Detailed results from the DELIVER Phase III trial showed AstraZeneca plc (LON:AZN) Farxiga (dapagliflozin) significantly reduced the composite of cardiovascular (CV) death or worsening heart failure (HF) in patients with HF and mildly reduced or preserved ejection fraction (EF), compared to placebo. The results were presented today at the European Society of Cardiology Congress 2022 in Barcelona, Spain, and simultaneously published in The New England Journal of Medicine1.
Farxiga reduced the composite outcome of CV death or worsening of HF by 18% (p<0.001, 16.4% in the dapagliflozin group and 19.5% in the placebo group over a median follow-up of 2.3 years). All individual components contributed to the superiority of the primary endpoint. The findings were consistent across key subgroups examined and extend the benefits of Farxiga to the full spectrum of patients with HF irrespective of left ventricular ejection fraction (LVEF) status. The trial results also showed a symptom benefit in patient-reported outcomes measured by the Kansas City Cardiomyopathy Questionnaire (KCCQ) total symptom score1.
Dr. Scott Solomon, Professor of Medicine at Harvard Medical School and Brigham and Women’s Hospital and Principal Investigator of the DELIVER Phase III trial, said: “These results from DELIVER are important for patients and clinical care as it shows that dapagliflozin is effective regardless of ejection fraction and therefore can be used as foundational therapy in all eligible patients with heart failure. Earlier HFpEF trials have shown attenuation in the highest LVEF but with dapagliflozin results are consistent across the LVEF range. The findings also reinforce most recent treatment guidelines, recommending earlier initiation of guideline-directed medical treatment and may support broader use of SGLT2 inhibitors in clinical practice.”
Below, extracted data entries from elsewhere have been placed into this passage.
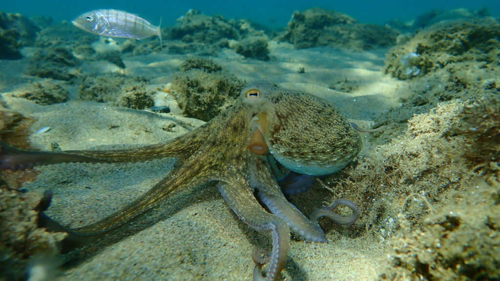 マダコは一般的に知られているタコですが、海で遭遇すると危険です。口にある歯は非常に鋭く、噛まれると皮膚がえぐれて大出血します。釣ったり網で捕ったりした場合は手で触らずに注意しましょう。噛まれた場合は止血して病院に行きましょう。
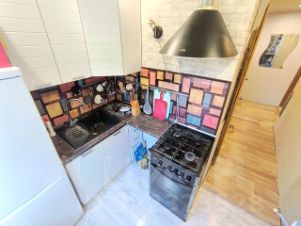 Встроенный кухонный гарнитур остаётся для новых владельцев квартиры.
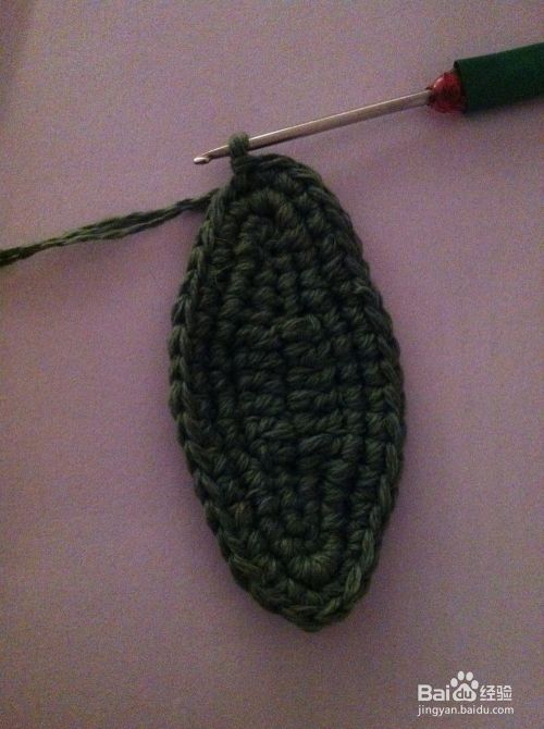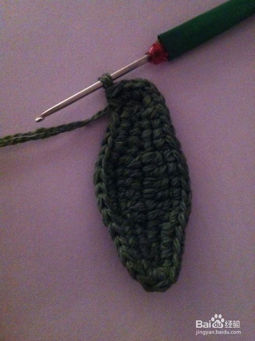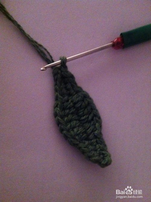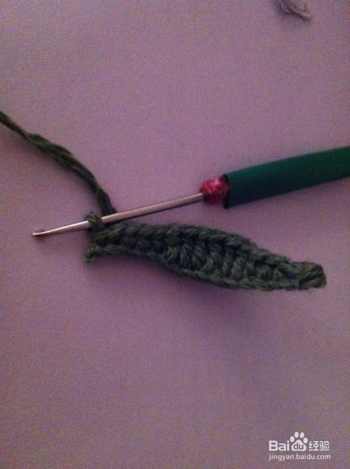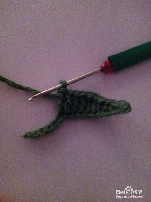 绿色线编织,首先用钩针编织 拉花17针,然后返回紧锁3针。
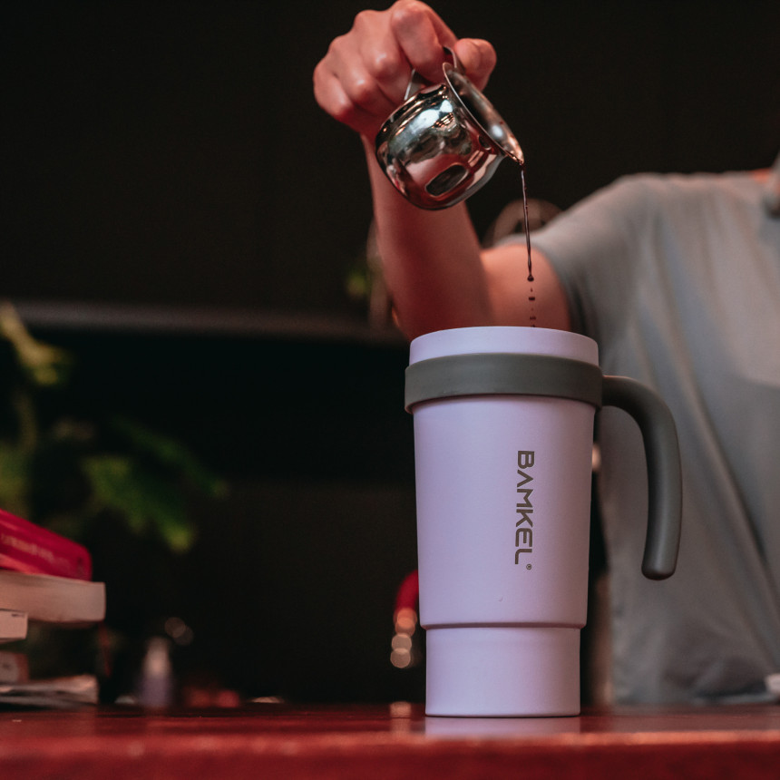 รายละเอียด : แก้วน้ำขนาดใหญ่ สำหรับเครื่องดื่ม ร้อน , เย็น จาก Bamkel แก้วน้ำโครงสร้างสูญญากาศสแตนเลส2ชั้น เพื่อให้เครื่องดื่มร้อนหรือเย็นไปกับคุณทุกเวลา ผลิตจาก สแตนเลส 304 จึงปลอดภัยสำหรับอาหาร มาพร้อมที่จับขนาดใหญ่เหมาะสำหรับที่วางแก้วในรถยนต์และฝาปิดคุณภาพสูง
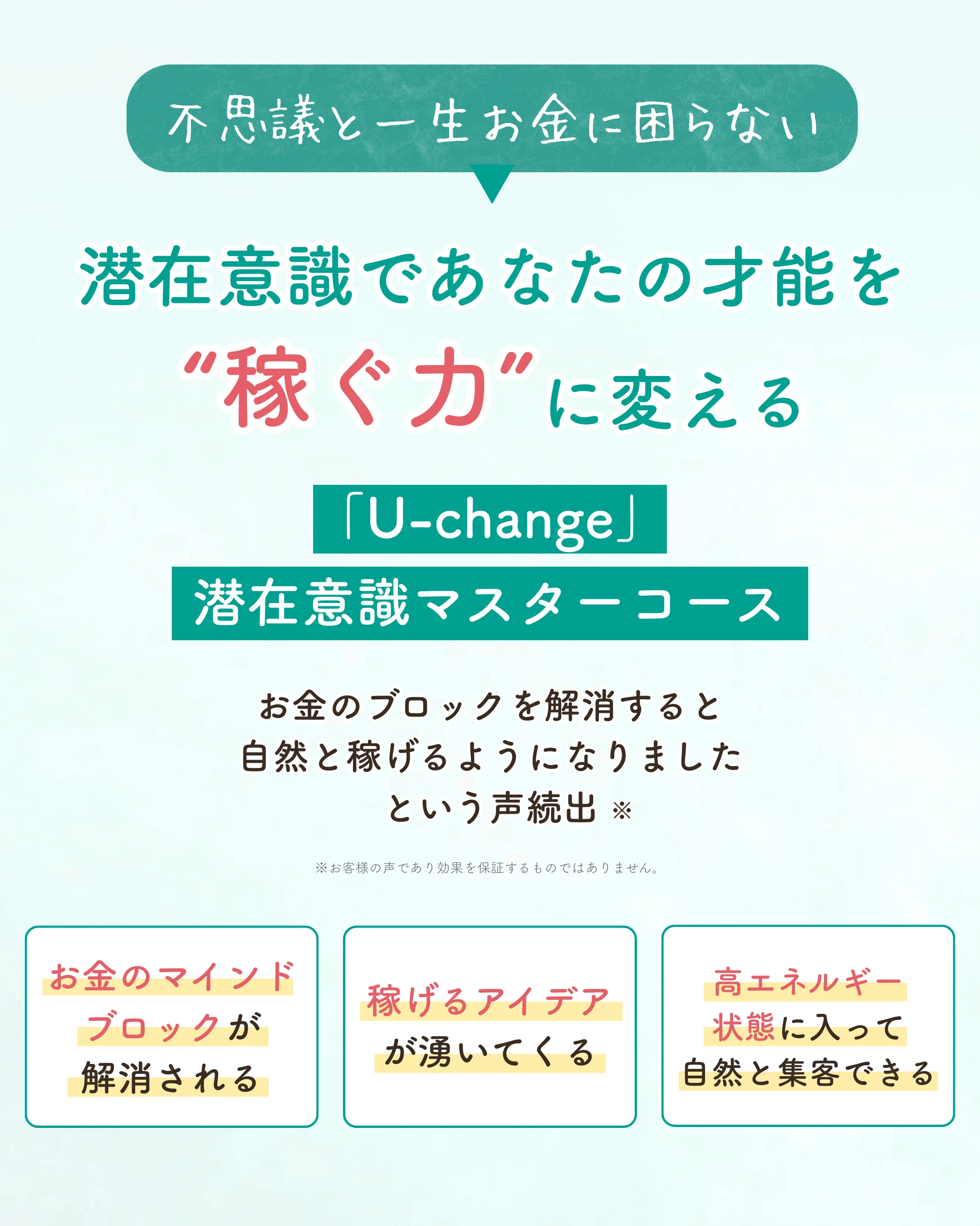 「Uchange」潜在意識マスターコースは、お金や稼ぐことに特化した潜在意識活用法を使って、
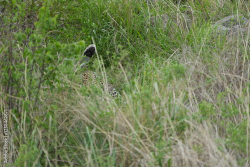 camouflaged leopard hiding with its cub in the serengeti national park in tanzania
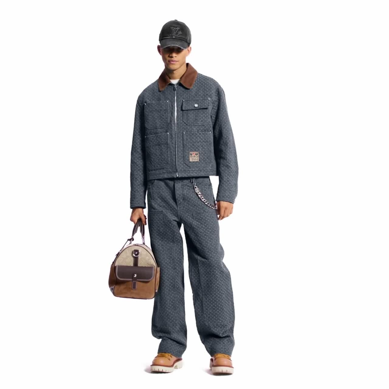 這款深灰色有機棉工裝服長褲以饒富質感的微壓花面料裁製,綴有2025秋冬時裝秀的Dandy Monogram提花圖案。寬鬆版型配以牛仔褲口袋和護腿套褲,加上珍珠效果鈕扣,更添精緻的時尚考究氣息。長褲可搭配同系列套裝外套,締造休閒出眾的整體造型。
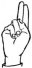 На ћирилици написано ЛАБУДА ТОПАЛОВИЋ састоји се из 15 слова [?]. Исписано ћириличном једноручном азбуком за глувонеме:
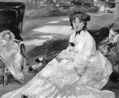其次是所謂“戶外畫法”。其實(shí)最早采用這種畫法的人不是印象派畫家,而是巴比松畫派的畫家,后者以描繪楓丹白露等法國風(fēng)景和鄉(xiāng)村景色而聞名。不過他們在繪畫時(shí)只是在戶外得其大概,之后帶回畫室對作品做進(jìn)一步完善。而印象派畫家才是真正意義上在戶外完成畫作的第一批畫家。1868年前后,莫奈和雷諾阿肩并肩地在一個名叫“蛙塘”的風(fēng)景名勝地創(chuàng)作了第一批帶有較為嚴(yán)格意義上的印象派風(fēng)格的戶外作品。1870年,馬奈在戶外完成了《在花園里》,差不多同一時(shí)期,莫奈也創(chuàng)作了類似題材的作品??傊?874年,莫奈、雷諾阿、畢沙羅、德加、莫里索等人舉辦第一屆印象派畫展時(shí),印象派從孕育到嶄露頭角,早已過去五六年甚至更長時(shí)間了。
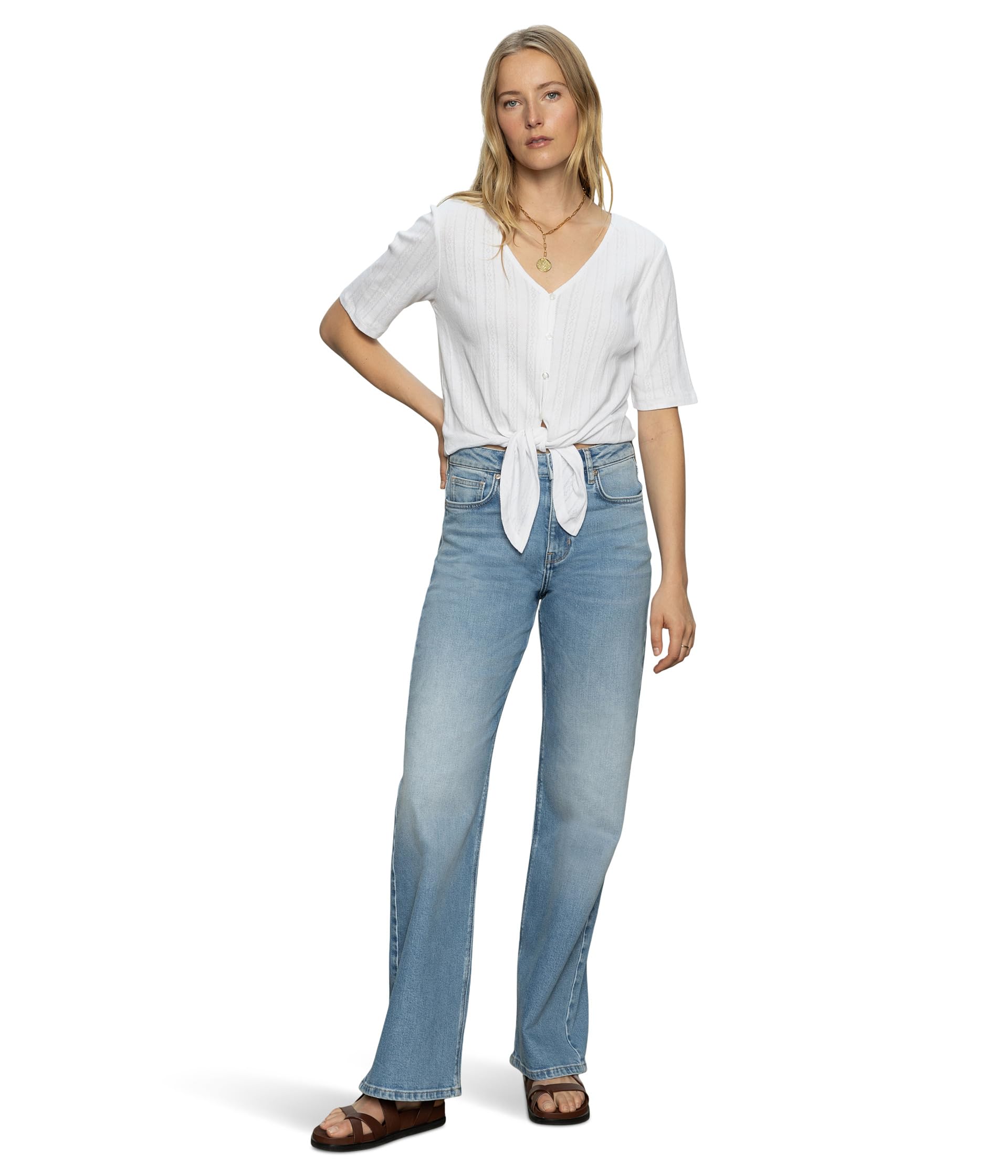 • Выглядите красиво и непринужденно в футболке Sanctuary Pointelle Tie, которая прекрасно сочетается с универсальными брюками. Приталенный топ с V-образным вырезом, короткими рукавами, застежкой на центральную пуговицу и завязкой на подоле.
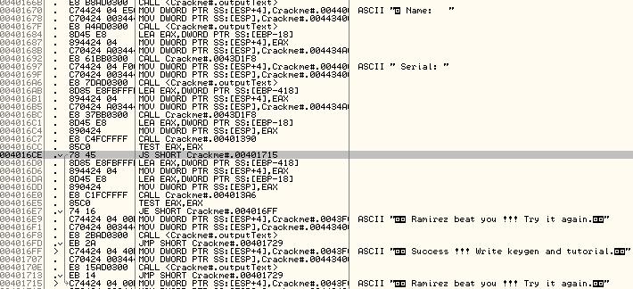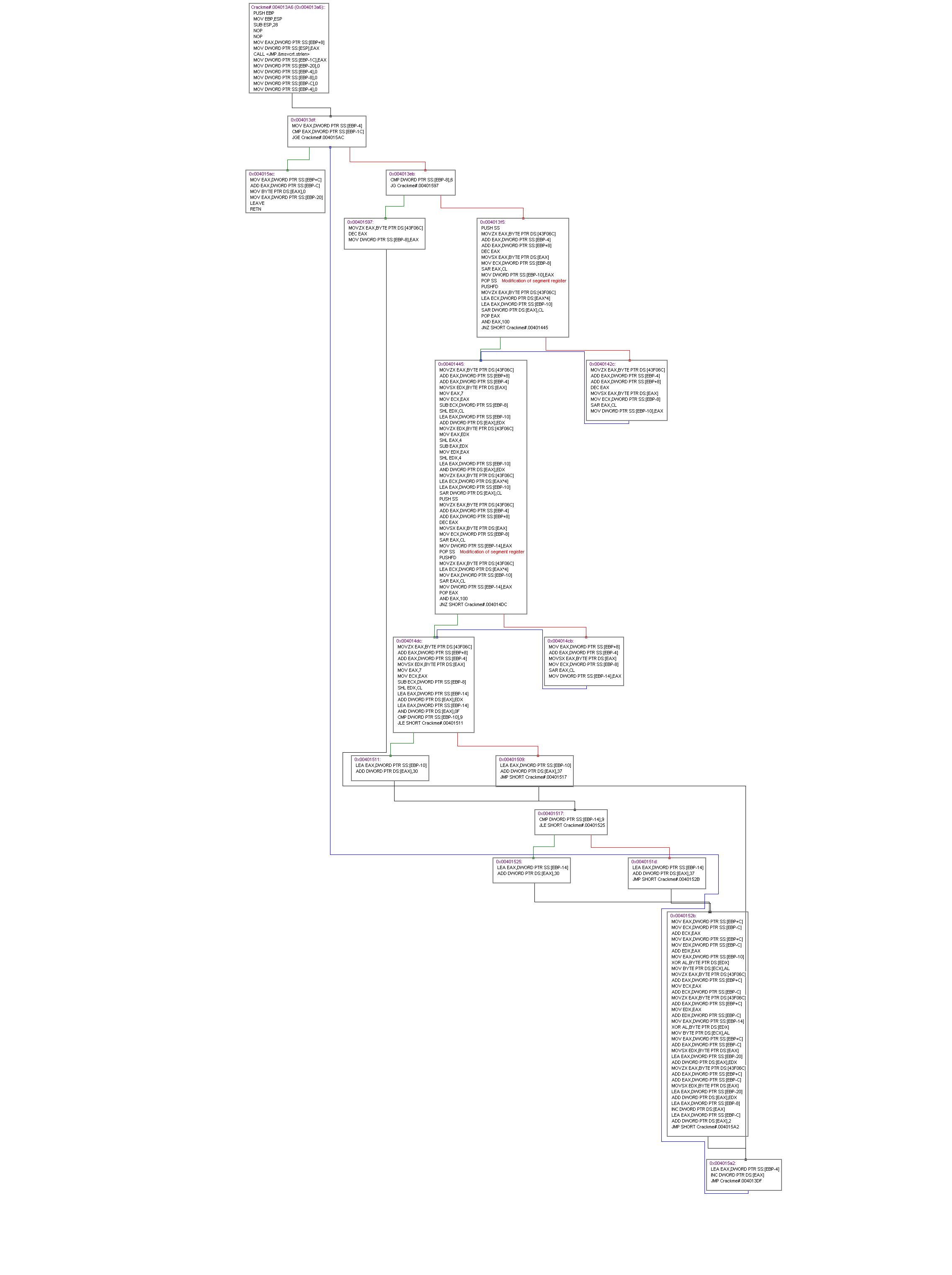Now that’s easy isn’t it? I felt very very very dumb for not sticking with the above sentence in past reversing assignments. Also graphical representations of the program flow are a big help. An example of a graph (created with immunity debugger) is as follow:
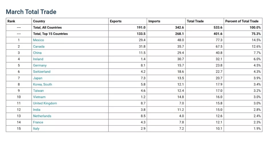 Como se indica, equivalente a 13.3% del comercio total estadounidense; mientras que China se sostuvo en el tercer lugar, con 134 mil 500 millones de dólares, 9.1% del total.
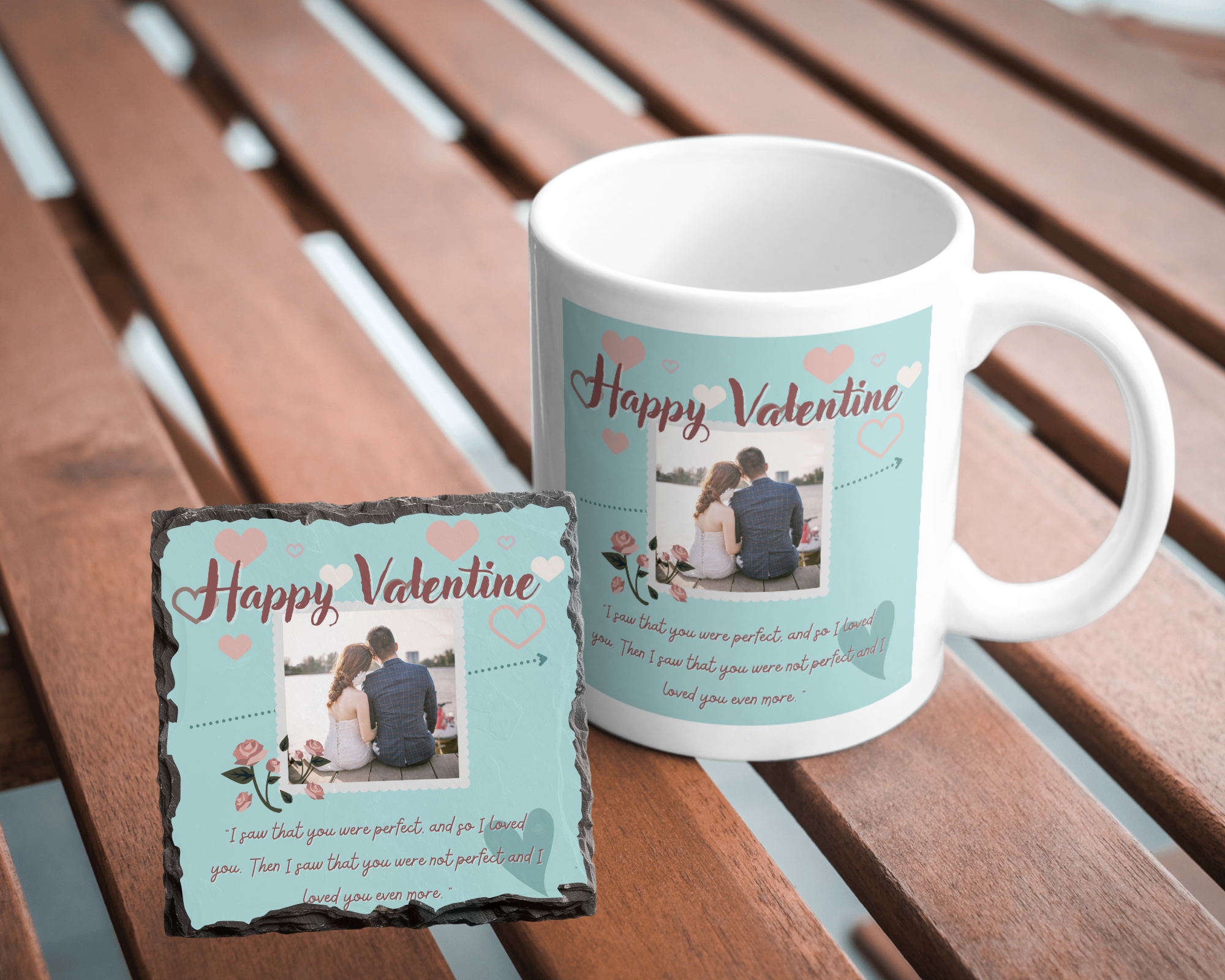 Enhance your Valentine's Day with our 11oz ceramic mug and 9cm Rock Slate Coaster featuring your own personalized photos and... Read more

The updated 2022 joint HF guidelines issued by the American College of Cardiology, the American Heart Association and the Heart Failure Society of America, now recommend sodium-glucose cotransporter 2 (SGLT2) inhibitors such as Farxiga for HF with mildly reduced EF (HFmrEF) and HF with preserved EF (HFpEF). This expands upon previous recommendations supporting the use of SGLT2 inhibitors in HF with reduced EF (HFrEF)2.
Mene Pangalos, Executive Vice President, BioPharmaceuticals R&D, AstraZeneca, said:
“Heart failure patients with LVEF greater than 40% are the most difficult to treat with few treatment options available to them. We are proud to share the groundbreaking DELIVER results, which have expanded our understanding of the complexities of HF. These data build upon our previous studies demonstrating cardiorenal protection of Farxiga across patients with type-2 diabetes, chronic kidney disease and heart failure.”
DELIVER was designed with broader inclusion criteria than prior trials in this patient population to also include patients who were hospitalised, recently hospitalised, or those with HF with improved LVEF, for whom evidence-based therapy is limited1,2. These findings build upon the previously reported results from DAPA-HF, the only SGLT2 inhibitor outcomes trial in HF to demonstrate a significant reduction in mortality, to provide further evidence to support the use of Farxiga as foundational therapy for patients with HF, regardless of ejection fraction.
The safety and tolerability profile of Farxiga in the DELIVER Phase III trial was consistent with the well-established safety profile of the medicine.
References
1. Solomon S, et al. Dapagliflozin in Heart Failure with Mildly Reduced or Preserved Ejection Fraction. N Engl J Med 2022 [cited 2022 Aug 27] Available from: www.nejm.org/doi/full/10.1056/NEJMoa2206286
2. Heidenreich PA, et al. 2022 AHA/ACC/HFSA Guideline for the Management of Heart Failure: A report of the American College of Cardiology/American Heart Association Joint Committee on Clinical Practice Guidelines. J Am Coll Cardiol. 2022;79(17):e263-421.